Be Still My Traitorous Heart
I don’t know whether to be encouraged or outraged that at my age I still get all flustered in the presence of a fine specimen of maleness. Is that a good thing? I am sure my face went slack and I just stared like a goofball. I would be embarrassed at my utter lack of composure but ain’t nobody got time to dwell on that shit. The moment has passed and I can’t undo it. At least I was wearing clean clothes. Ha ha.
This is the second such incident with this individual. Funnier is that I shared a class with him all last semester, but I sat on the opposite side of the room from him, and if I recall correctly, slightly in front so unless my head swiveled like an owl I never saw him. I’m pretty sure my lab partner used to talk about him but I never paid attention, or maybe I was too depressed and bitter to care.
In any case, I notice now. Holy cow, do I notice. I consider myself a fairly level headed person, not easily flustered or swayed by a pretty face, but my brains seem to turn to mush around him. More specifically, my brain ceases to function when he is talking to me directly. Is he sneaking up on me on purpose? Probably not, that would imply some interest on his part and I suspect that is SO not the case.

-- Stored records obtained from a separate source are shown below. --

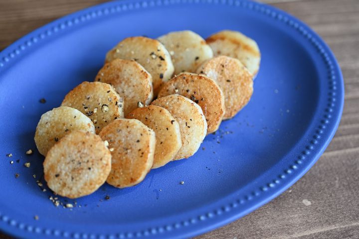 (2)フライパンにバターを加えて熱し、長芋に焼き色がつくまで両面焼く。
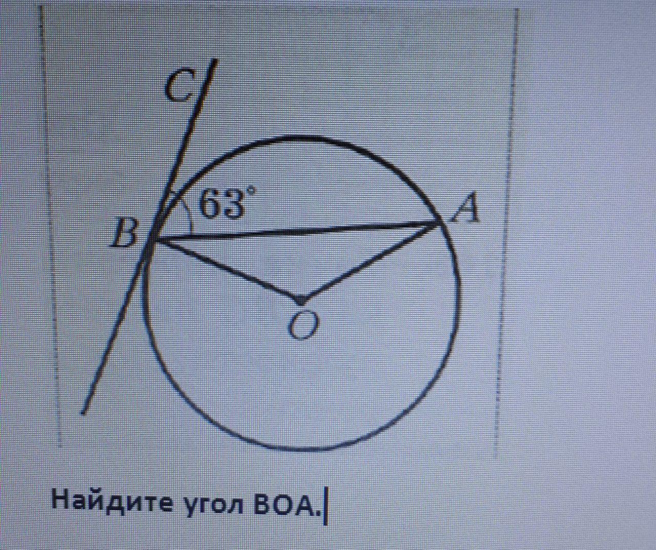 BC - касательная к окружности. Радиус, проведенный в точку касания, перпендикулярен касательной, т.е. ∠OBC = 90° ⇒ ∠OBA = 90° - ∠ABC = 27°.
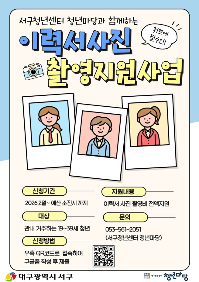 ‘이력서 사진 촬영 지원 사업’은 서구에 거주하는 19~39세 청년을 대상으로 이력서용 사진 촬영과 포토샵 보정, 사진 인화까지 무료로 지원하는 프로그램이다. 오는 28일부터 예산 소진 시까지 선착순으로 참여자를 모집한다.
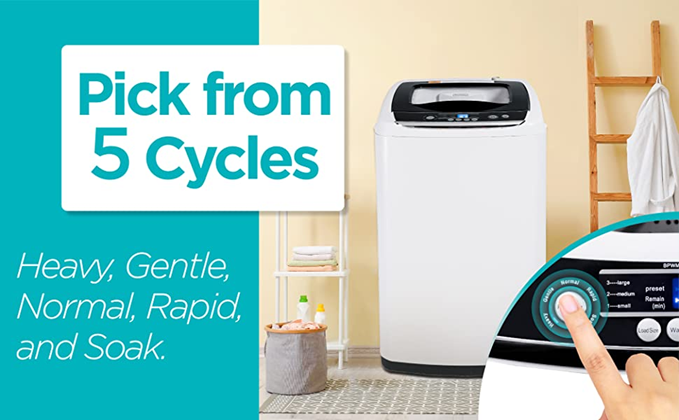 Not all loads of laundry require the same attention, which is why you have 5 cycles to choose from on this small washing machine: Heavy, Gentle, Normal, Rapid, and Soak.
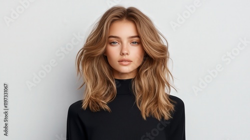 Elegant Woman with Long Hair Dressed in Black Top Posing Confidently in Natural Setting Exuding Grace and Style Capturing the Essence of Beauty
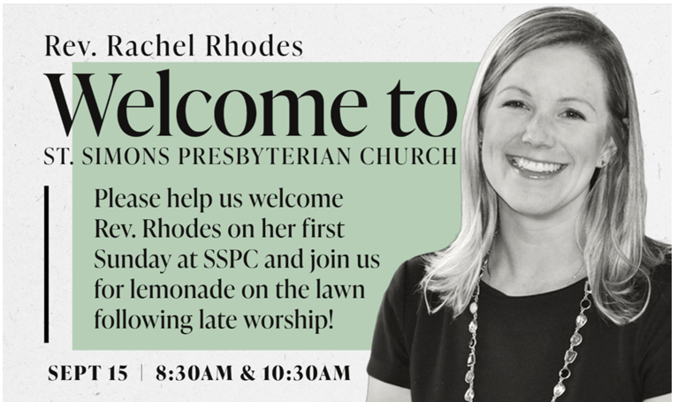 St. Simons Presbyterian Church has called Rev. Rachel Rhodes as its next pastor. Rachel begins her work at the church on Monday, September 9. Get to know Rachel through this video link on the church’s website: Staff - ST. SIMONS PRESBYTERIAN CHURCH (sspres.org) A service of installation will be held on a later date. | |
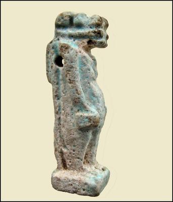 Ancient Egyptian faience amulet of Tawaret, the pregnant hippo.
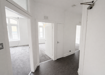 Communal Entrance Hall with staircase, Hallway, Sitting room, Kitchen, 2 double bedrooms & Bathroom. Gas central heating. Double Glazing.
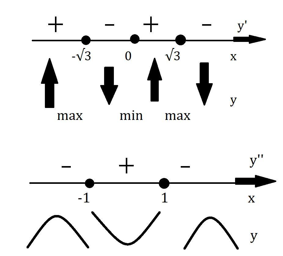 4. Исследование с помощью первой производной (экстремумы и возрастания и убывание функции).
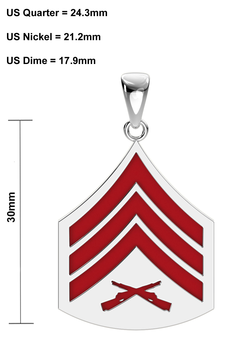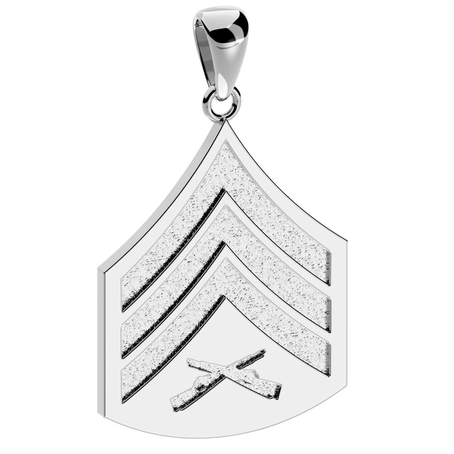 Sterling Silver Sergeant rank pendant is available for immediate delivery. Proudly made in the USA.
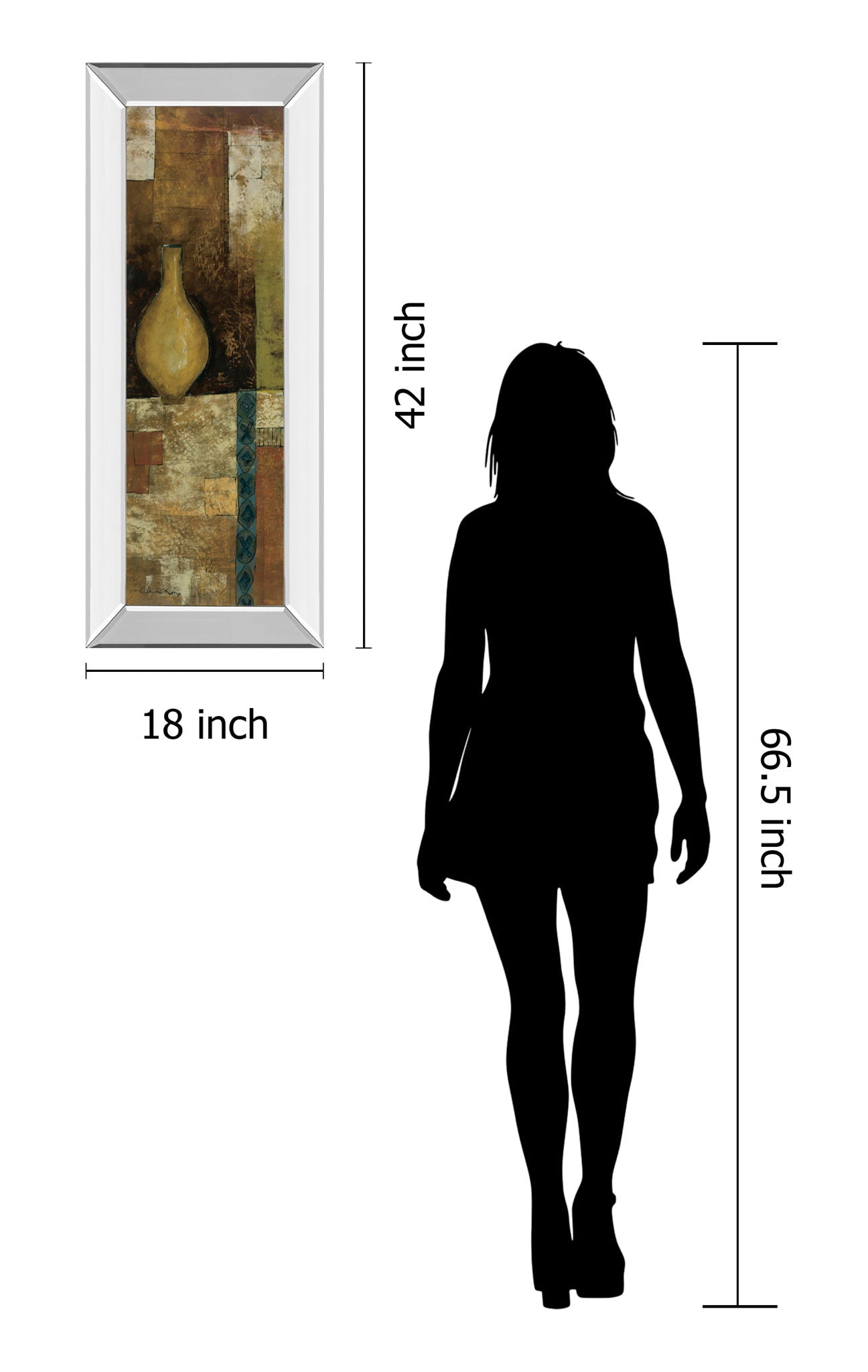 Golden Vessel captures the essence of rustic charm through a harmonious blend of warm earth tones and textured abstract forms. This vertical composition centers on a softly glowing vessel, surrounded by layered patches of ochre, brown, and muted green, evoking a sense of quiet reflection and timeless beauty. Encased in a sleek mirrored frame, the piece not only protects the artwork with premium real glass but also amplifies light, adding a subtle brilliance to any living room, office, or bedroom. Ready to hang and thoughtfully crafted, this artwork invites you to bring a sophisticated yet inviting atmosphere into your space.
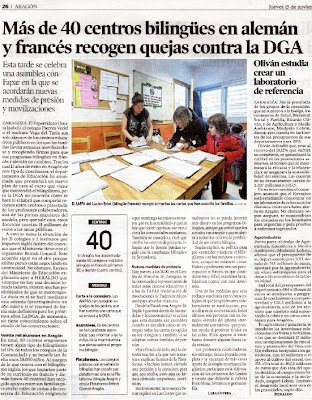 La recogida de cartas en defensa del bilingüismo, es hoy noticia en el periódico Heraldo de Aragón.
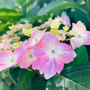 私の背丈より高い 甘茶です💞💞💞 ずいぶん前に地植えにしたら 大きく育ちました♪〜
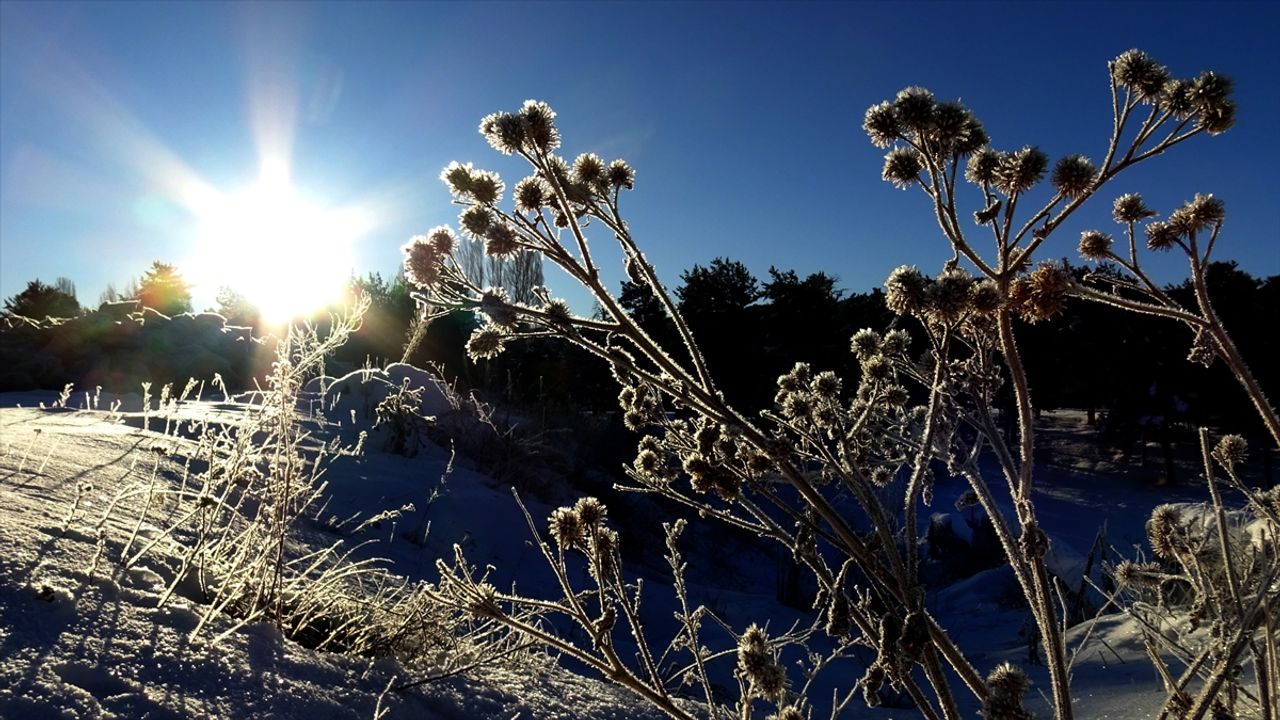 Hava sıcaklığının sıfırın altında 14 dereceye düştüğü Kars'ta bitkiler ve ağaçlar kırağı tuttu, bazı göl ile derelerin yüzeyi buzla kaplandı.
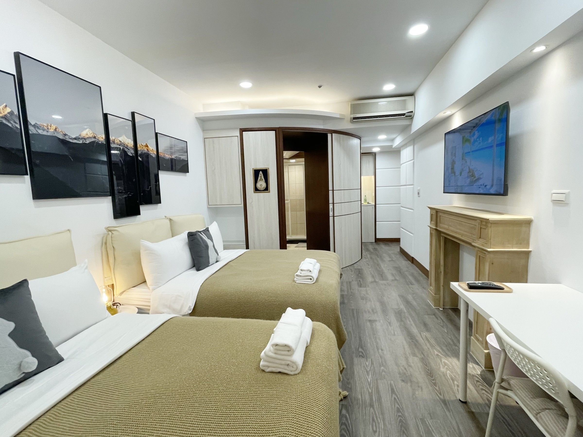 住宿結合高級飯店的舒適與居家機能,設備齊全又便利。房內配置洗烘一體洗衣機,貼心附上洗衣精;簡廚區完整規劃,包含微波爐、電磁爐及鍋碗餐具,隨時都能簡單料理。無論家庭旅行或長期入住,都能體驗到兼具便利與舒適的理想空間,CP值滿分。

It’s just me, getting all girly flustered in his presence. My recollection of the incident is somewhat flawed, given that my brain wasn’t firing on all cylinders for those five minutes, I suspect on some level my heart rate instead of speeding up in some fight or flight response brought on by the rush of adrenaline, instead my internals switch to slow motion. My blood practically coagulates in my veins because even my nervous system is misfiring and has ceased to automatically function. What is this sorcery?
Let me replay the incident: I’m working, assisting another student, when he walks into my office and it’s like I go stupid in the head. Where did he come from? Did he materialize because I swear I didn’t even hear him approach. I know he spoke, I saw his mouth move. I had to repeat the question he asked me because I heard the words but they didn’t seem to form cohesive sentences.
What in the world is wrong with me? Good grief! I would wonder if the other student in the room noticed, but I hope they were too busy filling out the forms I gave them to notice my behavior. I’m a grown ass woman, I have no business mooning over some dude!
In the meantime, someone should notify my limbic system because it seems to think it’s perfectly appropriate for me to get all googly headed when he is near. Good grief.